As I discuss in my book Agency, Partnerships & LLCs, the problem is that inherent authority is so formless that it could gradually swallow the entire area of authority. The Restatement (Third) dropped the phrase “inherent agency power.” Instead, it offers a revised and broader version of apparent authority, making clear that conduct such as placing an agent in a position of authority can create apparent authority to do what is customary. To deal with cases like Watteau, the Restatement adopts a new concept called “estoppel of an undisclosed principal.”
Students have a very hard time getting their hands around inherent agency power (as do a lot of judges). It takes more time in class than actual and apparent authority combined.

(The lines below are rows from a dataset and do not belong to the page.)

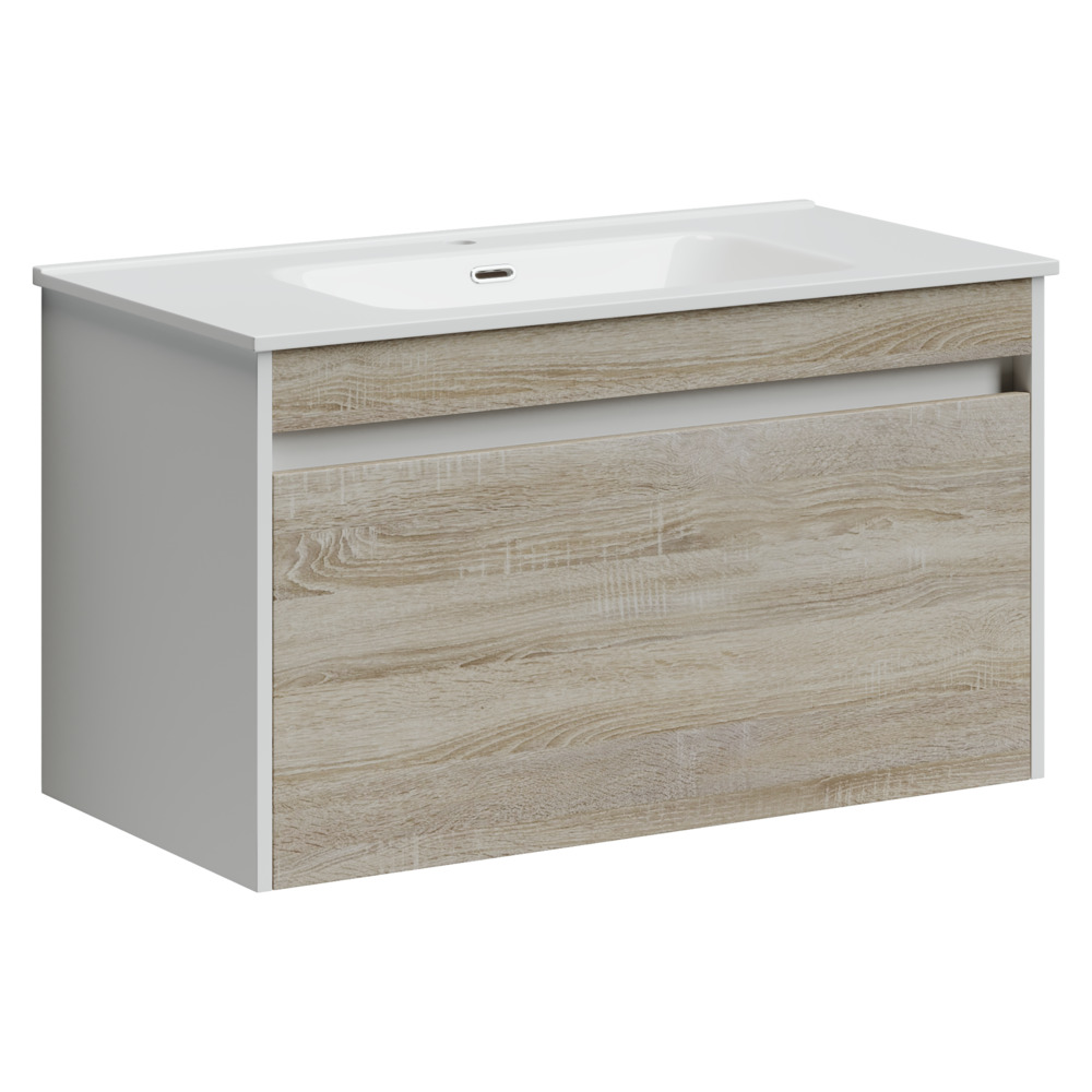 Тумба подвесная Smart c двумя ящиками оснащенными доводчиками скрытого монтажа с системой плавного закрывания, внешний и внутренний ящики. Каркас тумбы выполнен из МДФ, фасад – из ЛДСП в цвете «дуб бардолино/белый».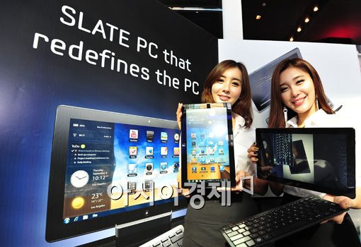 [아시아경제 윤동주 기자] 삼성전자는 9일 서울 서초구 삼성전자 딜라이트 홍보관에서 '슬레이트 PC'를 선보이고 있다. 슬레이트PC는 지난 9월 IFA2011에서 소개된 제품으로 노트북과 태블릿의 역활을 모두 수행할 수 있는 제품이다.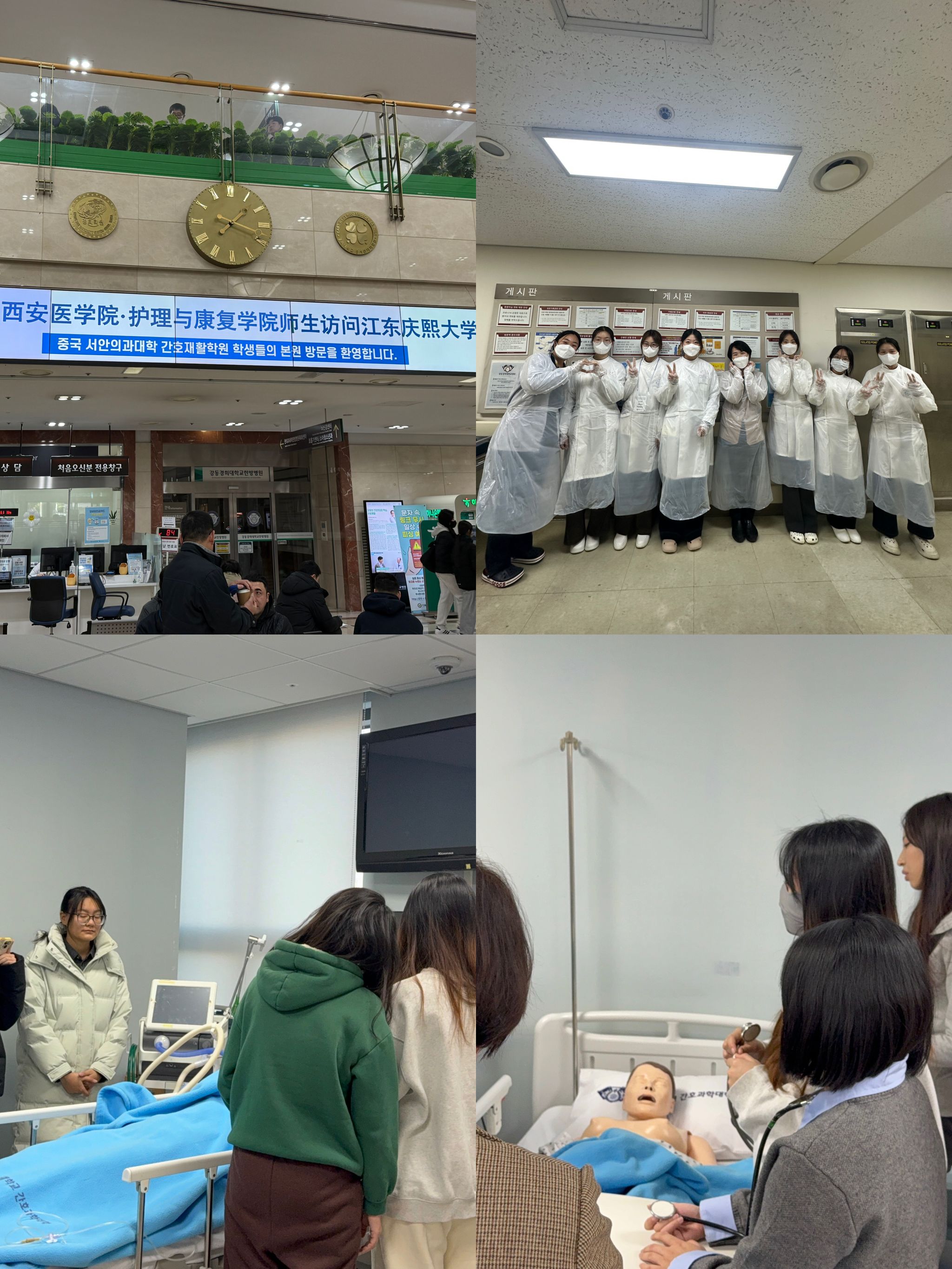 研学期间,研学团先后走进庆熙大学医疗院与江东庆熙大学医院,深入ICU、急诊科、中心控制室等核心科室开展临床见习。在见习过程中,师生们近距离接触国际高端医疗器械与前沿诊疗技术,系统了解韩国精细化医疗质控体系。同学们围绕患者管理、设备应用等专业问题积极提问,得到了医院专家的耐心解答与细致指导,对“以患者为中心”的护理服务理念形成了直观且深刻的认知。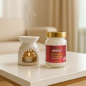 Place a small piece of AuraCam’s fragrant Bhimseni camphor onto your diffuser and let its soft burn fill the space with clarity and comfort. As the natural vapors release into the air, they not only purify your environment but also calm the mind and invite stillness into your space. It’s a simple yet powerful ritual that turns any corner of your home into a moment of intentional living.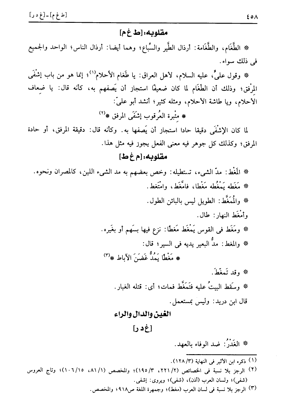 وَقَول عَليّ، عَلَيْهِ السَّلَام، لأهل الْعرَاق: يَا طَغام الأحلام، إِنَّمَا هُوَ من بَاب إشْفَى المِرْفق، وَذَلِكَ أَن الطّغَام لما كَانَ ضَعِيفا استجاز أَن يَصفهم بِهِ، كَأَنَّهُ قَالَ: يَا ضِعَاف الأحلام، وَيَا طاشة الأحلام، وَمثله كثير، انشد أَبُو عَليّ: مِئْبرة العُرقوب إشَقَى الْمرْفق لما كَانَ الإشْفَى دَقِيقًا حادا استجاز أَن يَصفها بِهِ وَكَأَنَّهُ قَالَ: دقيقة الْمرْفق، أَو حادة الْمرْفق، وَكَذَلِكَ كل جَوْهَر فِيهِ معنى الْفِعْل يجوز فِيهِ مثل هَذَا.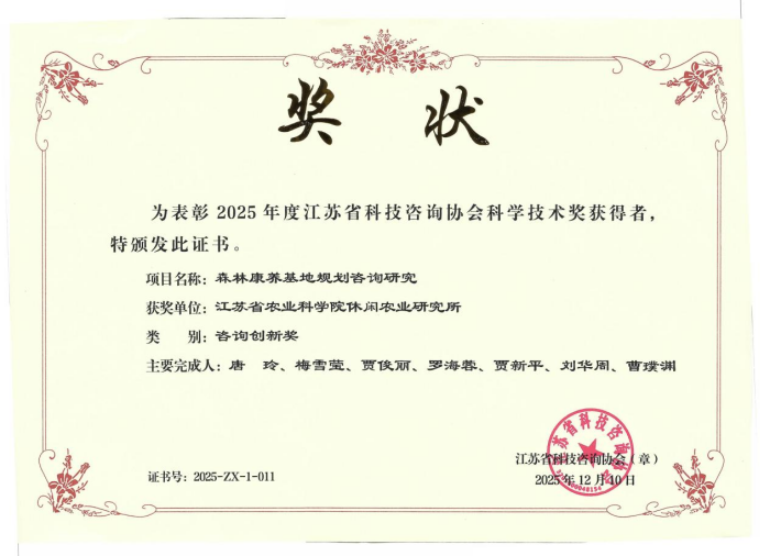12月16日,江苏省科技咨询协会颁布了2025年度江苏省科技咨询协会科学技术奖,休闲所农业景观与文化研究团队承担的《森林康养基地规划咨询研究》项目荣获咨询创新奖,这也是该团队继2021年、2022年后第三次获得此荣誉。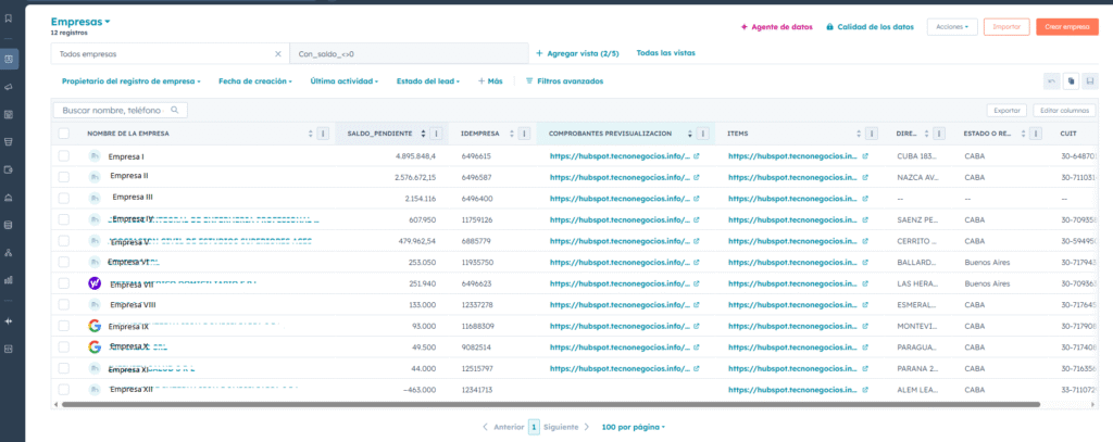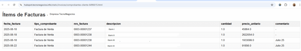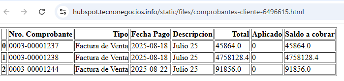 Almacenamiento: finalmente se almacenan en cada empresa en Hubspot 2 url con los comprobantes pendientes, y con los items vendidos (en los ultimos 120 dias).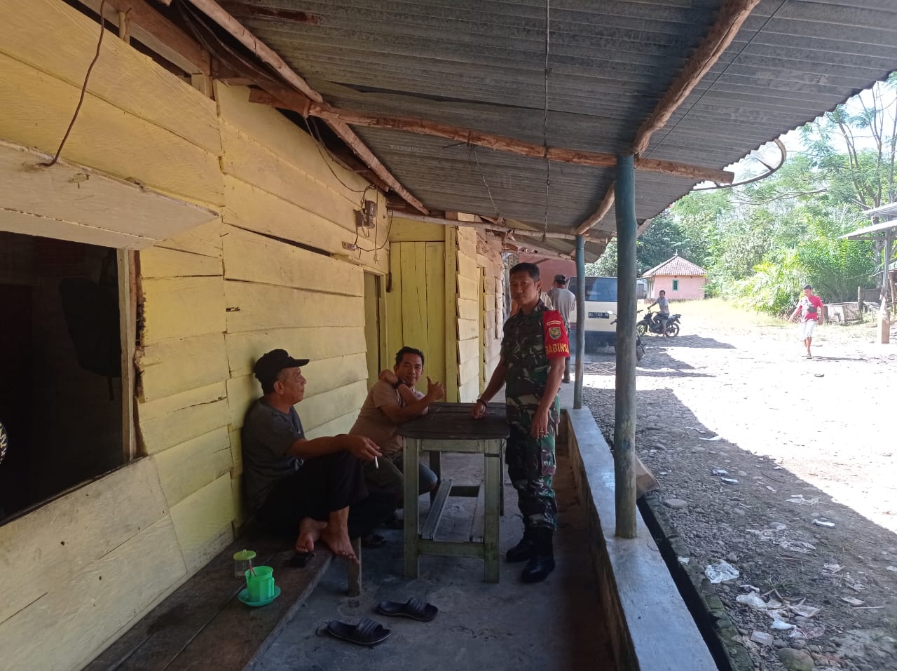 Babinsa Koramil 406-07/Jayaloka Komsos Bersama Tokoh Masyarakat Di Wilayah Binaan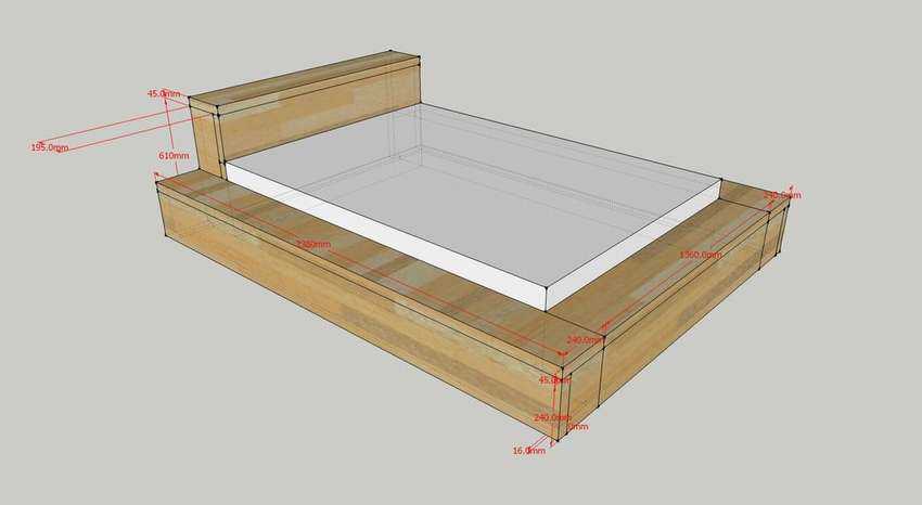 Изначально определяются с местом, где будет располагаться кровать-подиум. Чертежи и размеры наносят в соответствии с желаемой конструкцией. Затем начинается подготовительный этап, когда собирают всё необходимое для работы. Сечение брусьев определяют в зависимости от размера кровати. В среднем это 5 х 5 см. Под каркас задействуют крепкую древесину, которую соединяют по площади матраса. По сторонам оставляют припуск примерно 5–10 мм.
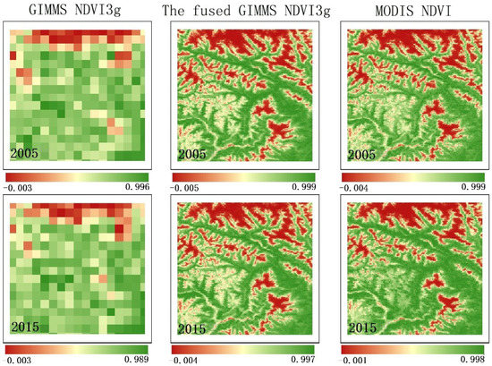 By comparing the details of GIMMS NDVI3g data, fused GIMMS NDVI3g data, and real MODIS NDVI data in 2000, 2005, 2010, and 2015 (Figure 3), higher pixel resolutions were observed with the fused GIMMS NDVI3g data and real MODIS NDVI data, where the texture of the ground features was clear and the details of some characteristic areas can be identified. In addition, the detailed features of the regional vegetation coverage can be well reproduced.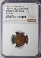 Top Pop 1863 F-107/107 a Full Brockage Civil War Token NGC MS-62 BN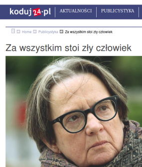 Przedziwny ten portal koduj24. Owszem, prawicowe portale bywają dziwniejsze. Ale tutaj dziwność polega głównie na kompletnym braku oryginalności i świeżości. Kolejny to już po natemat.pl portal anty-PiS. Widać jednak po nim kompletne wypalenie, brak nowszych refleksji, zafiksowanie na jednej postaci, którą trzeba zniszczyć i opluć. Ale najlepszy jest oczywiście wywiad z Agnieszką Holland. Wróg nr 1 to Kaczyński. Wróg nr 2 to Macierewicz. Wróg nr 3 to „zakompleksiali Polacy”. W sumie: PiS.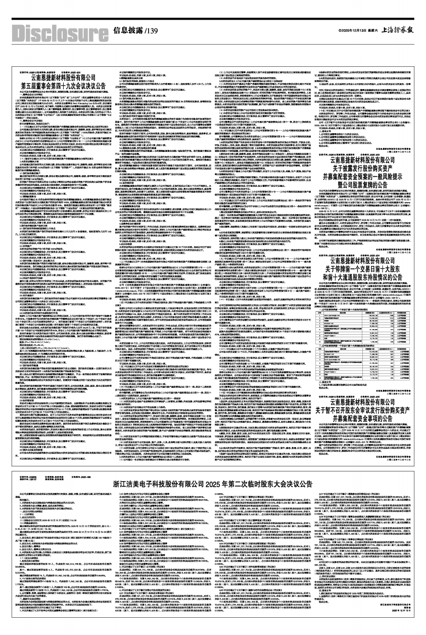 公司《云南恩捷新材料股份有限公司发行股份购买资产并募集配套资金预案》(公告编号:2025-201号)同日刊登于《中国证券报》《上海证券报》《证券时报》《证券日报》及巨潮资讯网(www.cninfo.com.cn,下同);《云南恩捷新材料股份有限公司发行股份购买资产并募集配套资金预案摘要》(公告编号:2025-202号)同日刊登于《中国证券报》《上海证券报》《证券时报》《证券日报》及巨潮资讯网。

I wondered whether the effort is worth it. A Westlaw search found only one case referring to "inherent agency power" in the last three years and it was an unreported federal district court decision out of Oklahoma. The same search found only three law review articles in the last three years.
A search for the phrase ["inherent authority" /5 agent] found only two pertinent cases in the last three years. The same search found only one law review article in the last three years.
In sum, inherent authority was controversial from the outset. It is no longer recognized by the Restatement. Courts are no longer citing it. So why am I still teaching it? And why is it still included in my casebook?